▸ **Try it**
Everything in the data should be repeated exactly, save for the images.

▸ **Supplied material**
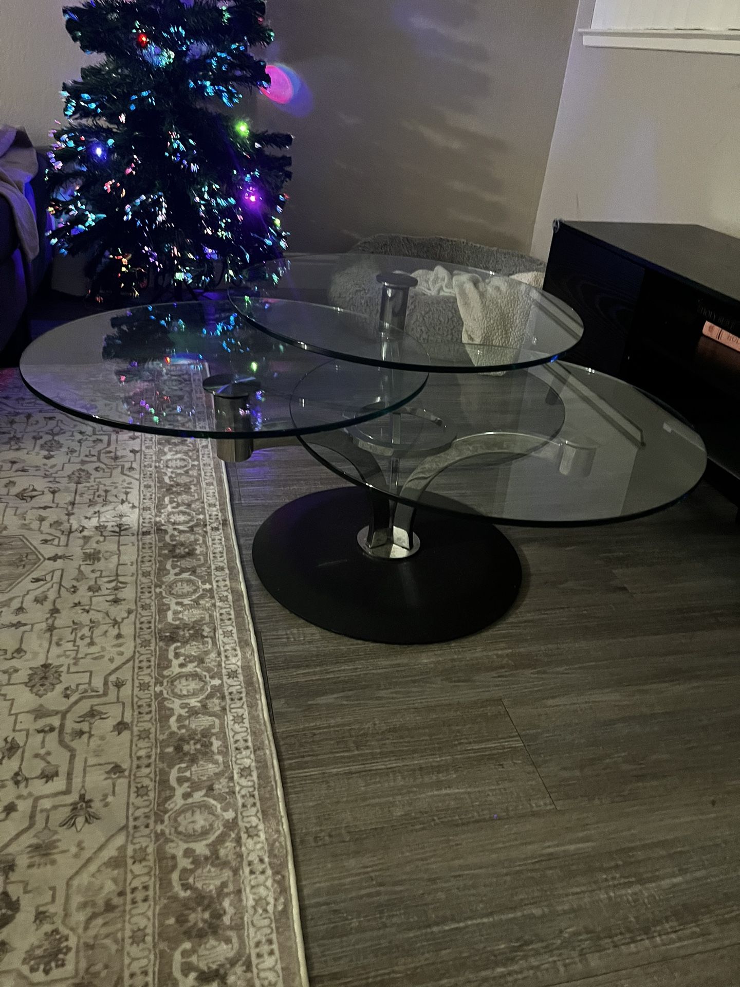Sturdy, modern glass coffee table with a sleek black base. Features three thick glass table tops that can be adjusted and rotated to create more or less surface space depending on your layout. Very solid and heavy—excellent quality. Details: • Thick, durable glass • Adjustable 3-piece design • Black base • Approx. 16 inches tall (base to top) • No scratches, cracks, or damage • Clean and well maintained Only selling because I’m switching to a different style.
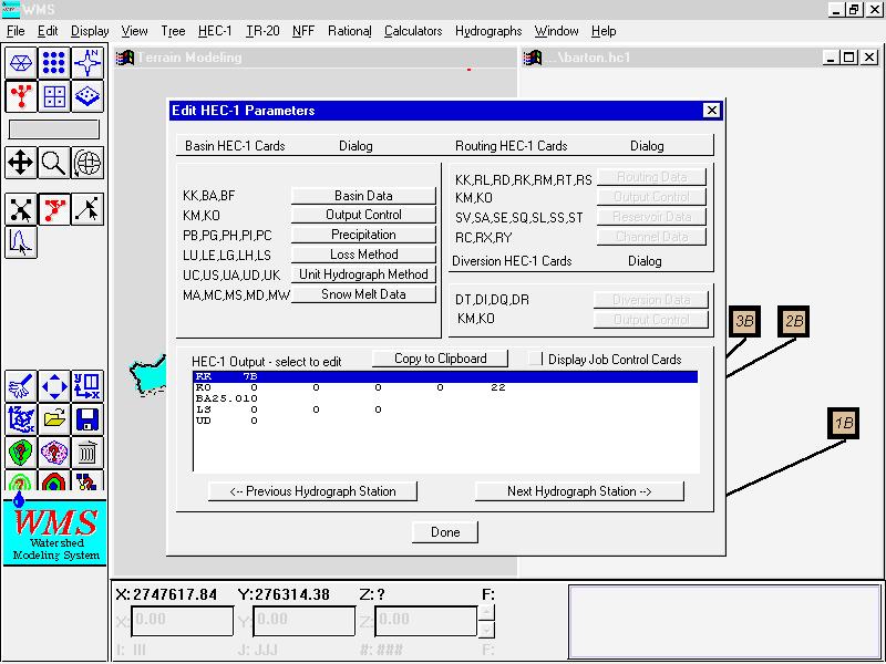 When the first basin is complete, click on the Next Hydrograph Station button, and continue to edit the HEC-1 file.
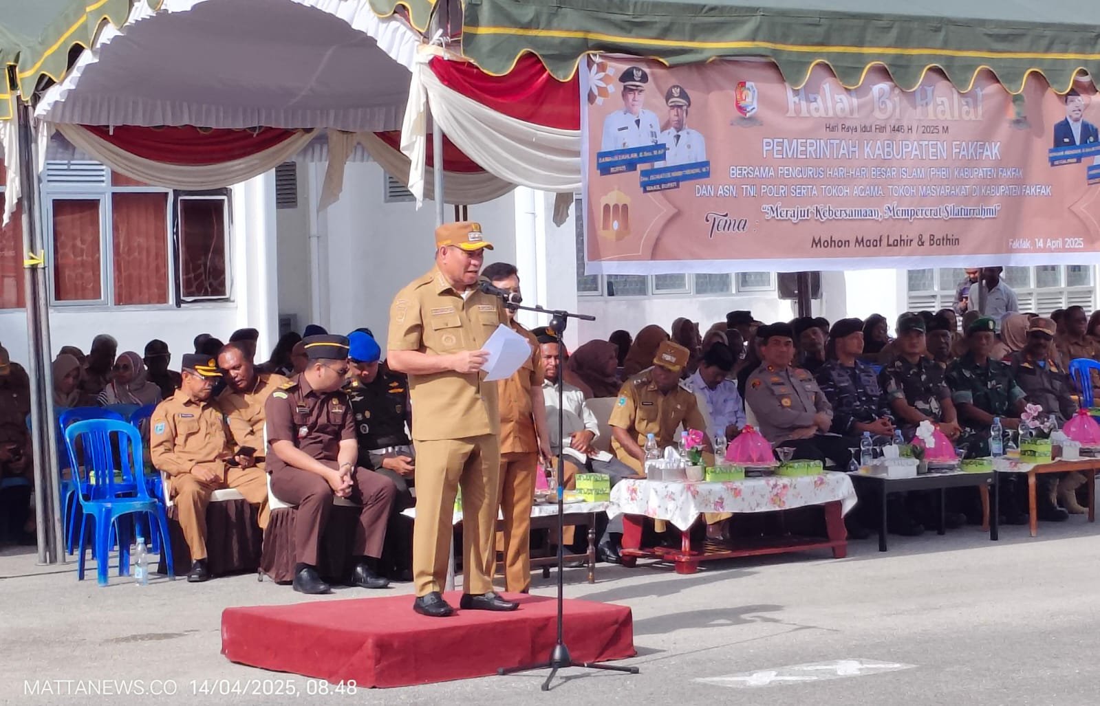 MATTANEWS.CO, FAKFAK – Pemerintah Kabupaten Fakfak menggelar halal bihalal Idul Fitri bersama Pengurus Hari Hari Besar Islam (PHBI), ASN, TN/Polri, Tokoh agama dan Tokoh masyarakat di Kabupaten Fakfak, dengan mengusung tema, ‘Merajut kebersamaan, mempererat silaturahmi’, di halaman Kantor Pemda Fakfak, Senin (14/5/2025).
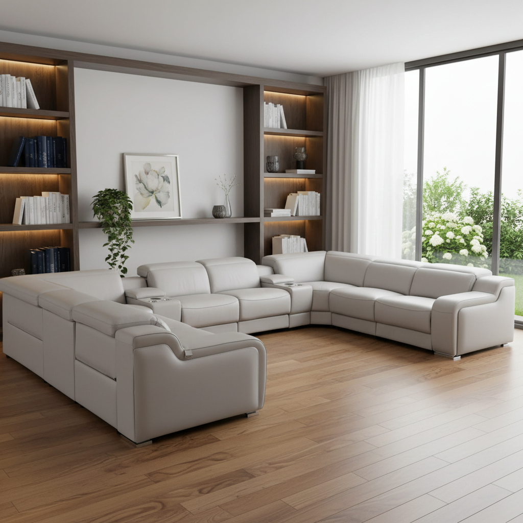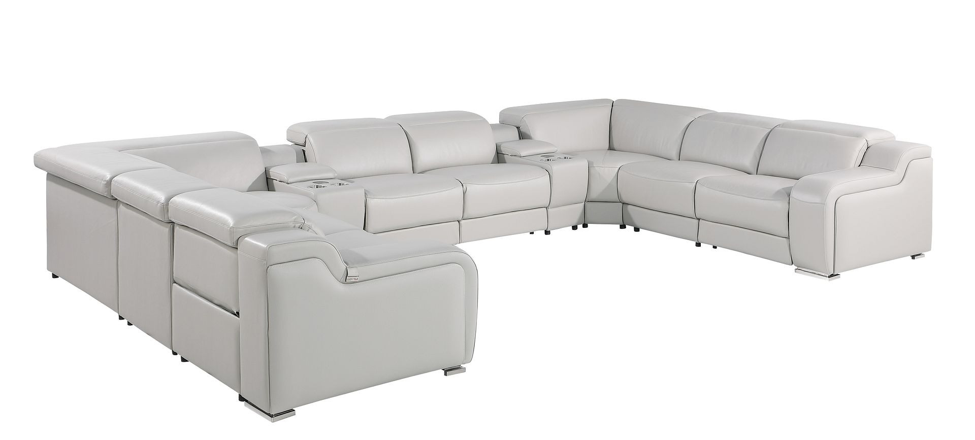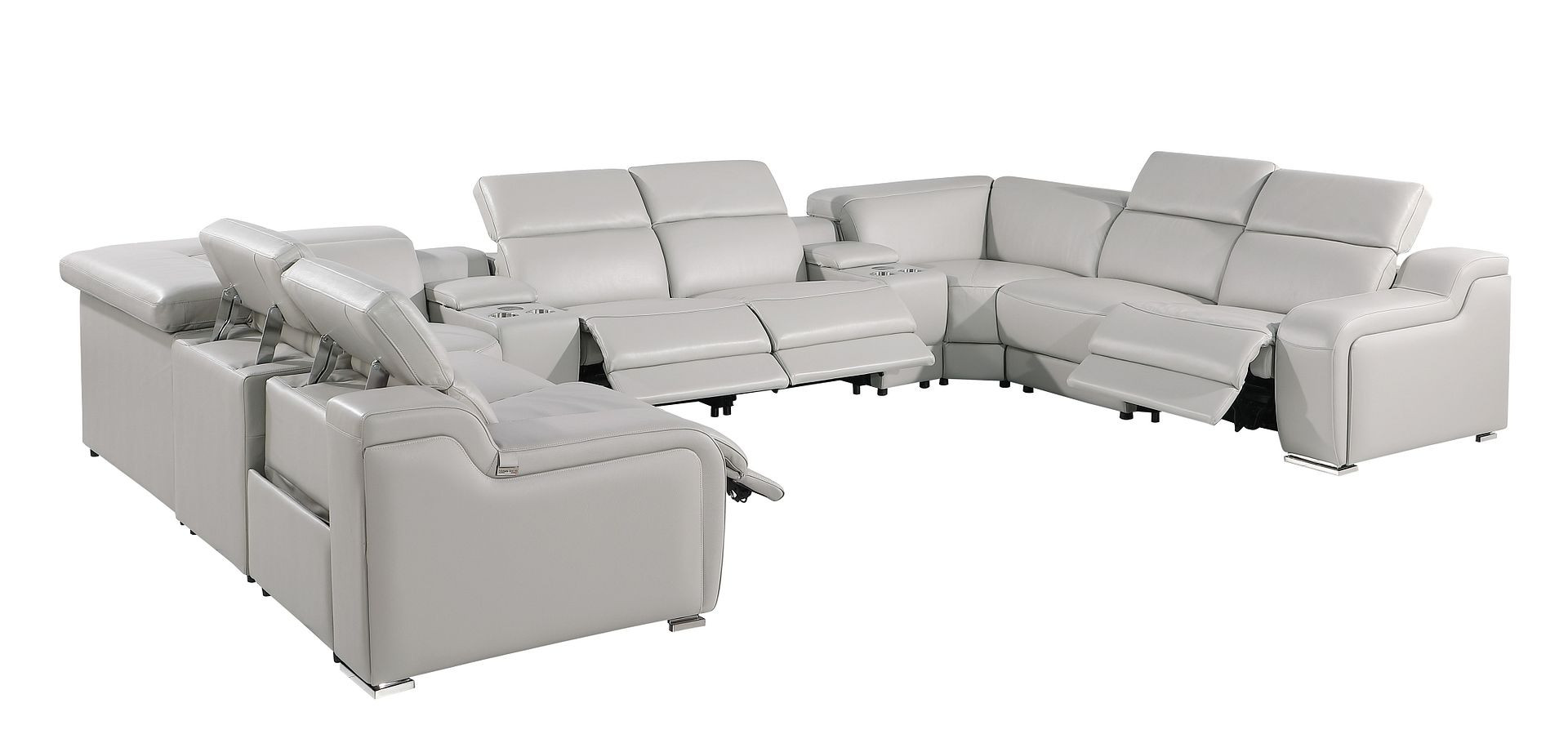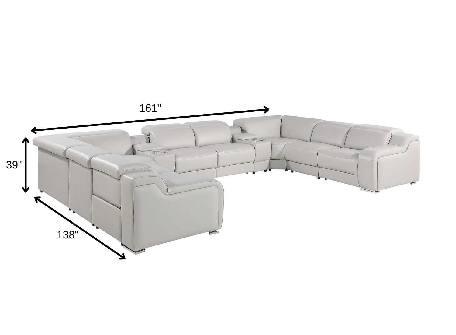 Made of the highest quality, supple leather, this light gray italian leather power reclining u shaped ten piece corner sectional with console will be the star of your space. The high-grade premium leather used makes your lounging luxuriously comfortable and adds an elegant appeal to your space. Solid colors give you lots of decorative options and are easy to work into your decor scheme. Square arms offer a comfy place to rest. For the ultimate in relaxation, this sectional includes power - push button recline that turns it into a comfy lounge for sleeping or resting. Silver metal legs effortlessly elevate the room and add a touch of contemporary design. A great showpiece for your room, this sectional is a must have. 39.00-inch h x 161.00-inch w x 138.00-inch d.

▸ **Answer to this problem**
Sturdy, modern glass coffee table with a sleek black base. Features three thick glass table tops that can be adjusted and rotated to create more or less surface space depending on your layout. Very solid and heavy—excellent quality. Details: • Thick, durable glass • Adjustable 3-piece design • Black base • Approx. 16 inches tall (base to top) • No scratches, cracks, or damage • Clean and well maintained Only selling because I’m switching to a different style.
 When the first basin is complete, click on the Next Hydrograph Station button, and continue to edit the HEC-1 file.
 MATTANEWS.CO, FAKFAK – Pemerintah Kabupaten Fakfak menggelar halal bihalal Idul Fitri bersama Pengurus Hari Hari Besar Islam (PHBI), ASN, TN/Polri, Tokoh agama dan Tokoh masyarakat di Kabupaten Fakfak, dengan mengusung tema, ‘Merajut kebersamaan, mempererat silaturahmi’, di halaman Kantor Pemda Fakfak, Senin (14/5/2025).
 Made of the highest quality, supple leather, this light gray italian leather power reclining u shaped ten piece corner sectional with console will be the star of your space. The high-grade premium leather used makes your lounging luxuriously comfortable and adds an elegant appeal to your space. Solid colors give you lots of decorative options and are easy to work into your decor scheme. Square arms offer a comfy place to rest. For the ultimate in relaxation, this sectional includes power - push button recline that turns it into a comfy lounge for sleeping or resting. Silver metal legs effortlessly elevate the room and add a touch of contemporary design. A great showpiece for your room, this sectional is a must have. 39.00-inch h x 161.00-inch w x 138.00-inch d.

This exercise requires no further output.